II – Ensurdecido Grito
Sem deter os passos beija
A palma da mão com falsa
Doçura e a sopra me enviando
Seu beijo mortal! O sopro gélido
Sobre mim lança Pó de Diamante
E sinto a pele ser lapidada
Dolorosamente, de escarlate
Tingindo o que já não orna
Com a paisagem polar!
Grito em meio ao som ensurdecedor:
– Por que me feres?
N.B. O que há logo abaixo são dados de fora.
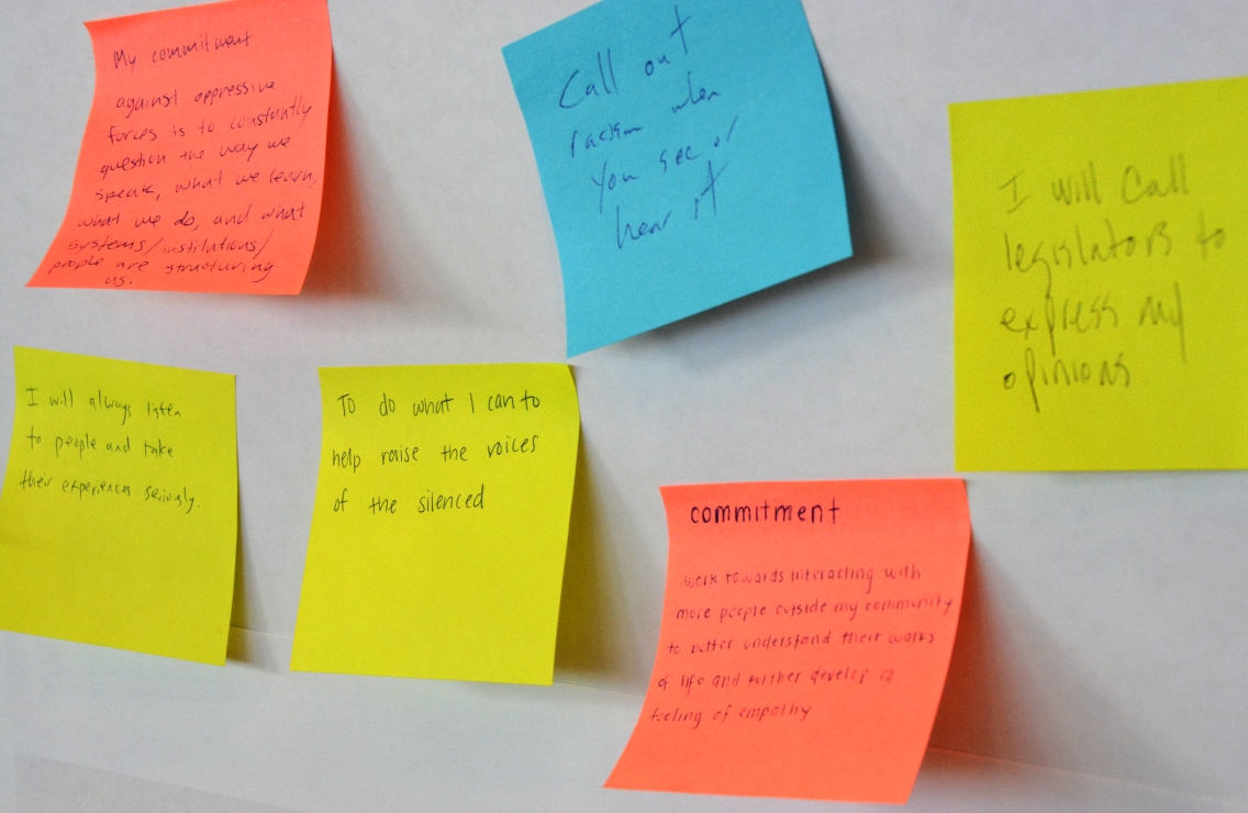 Two white boards on wheels were set up on the side of the dining hall – one for “Convictions” and the other for “Commitments” – and within a quarter hour each board was filled with 50 or more brief, personal statements on colorful notes.

O que fiz
para algum sentimento conseguir
despertar em teu cadáver gelado
e conservado nesse imenso
e nórdico inferno de gelo?
Diz a Rainha do Gelo:
– Regalaste teu coração
à horrenda Rainha do Fogo
e arquitetas deixar o Reino de Gelo!
Teu coração pertence a mim,
jovem mortal, e jamais permitirei
que se degele no Reino de Fogo!
Grito, indignado:
– Deixou de te pertencer
quando partiste, quando
o partiste junto aos meus sonhos
e os sopraste em direção
às geleiras do esquecimento!
A Rainha detém os passos
Diante de mim e diz desconcertada:
– Mas fui em busca do teu coração
nas geleiras, para recolher as partes
que restaram e fazer um novo
para adornar em forma de pingente
ao meu seio resplandecente,
no entanto, lá já não estava!
Fui uma deusa generosa e permiti
que tivesses a graça de o teu coração
ser usado como joia a fim de aumentar
minha beleza, mas o levaste da geleira
e meus favores desprezaste!
Cometeste um crime terrível
e uma abominação ao entregá-lo
à cálida Rainha do Fogo; venho punir-te!
Sei que ela o fundiu na caldeira
que leva entre os seios e o temperou
nas águas termais de suas cadeiras
vulcânicas, tornando-o mais forte,
mais ardente e sonhador,
capaz de preservar dentro de si
toda esperança e amor!
Grito, decidido:
– Sim, meus sonhos despedaçados
aos pedaços de amor se misturaram,
e ao senti-la fundindo-os conheci
o verdadeiro fogo do amor
e da paixão; já não posso
mais sobreviver ao frio!
Vejo sua expressão de cólera
Desprender coruscantes
Cristais de gelo ao partir
A superfície de sua fera face!
Sentindo que meu coração
Para sempre perdeu, profere
Com voz tempestuosa a sentença:
– Nunca deixarás esse Reino!
Meu seio desprezas e me trais
com minha maior rival!
Já que não sacias mais tua sede
de desejo nos lençóis frios
de minha alcova cristalina,
prefiro te ver sepultado
sob a glacial lápide a te ver
degelar e escorrer em leitos
termais de uma Rainha
sempre em erupção!
III – Gelo e Degelo
Com uma expressão assassina
Levanta a Rainha seus dedos
Longos e finos para o toque frio
Da morte que a tudo escurece,
Mas antes que cheguem
Ao meu rosto seguro sua esbelta
Cintura e toco sua fronte
Com meus lábios ardentes
Em um beijo terno que sua face
Degela, libertando a expressão
De tristeza, dor e arrependimento
Congelados há muito – preservados!
Em seu interior ressuscita
A viva recordação dos bons
Sentimentos que ela nutria
E de mim com amor recebia!
Cessa toda a tempestade,
Que passa a cair suave
Em lindos flocos de neve.
Uma lágrima degela por fora
E muitas outras por dentro,
Correndo como dois riachos
De primavera e molhando
Suas marcas de expressão
Sofrida na face e no seio!
Desaba em pranto convulsivo
Que a derruba sobre a neve
Cada vez mais espessa,
Desejando ser coberta
Por gelo – sepultada!
Ali a deixo, agonizando
Por um amor – agora –
Impossível e me dirijo rumo
Às terras aconchegantes do Leste,
Onde já sinto familiar o calor
Acolhedor do lugar que agora
Sinto como um lar; um Reino
De fogo, de paixões e esperanças:
O egrégio e belo Reino do Amor!
Julia Lopez
25/02/2014
Nota sobre a foto: montagem com as fotos “Snow White Smile Part II”, do artista SistaofPain (DeviantArt); “Ice Queen”, do artista midnightdew (DeviantArt); e “Snow Queen”, do artista higherdepths (DeviantArt).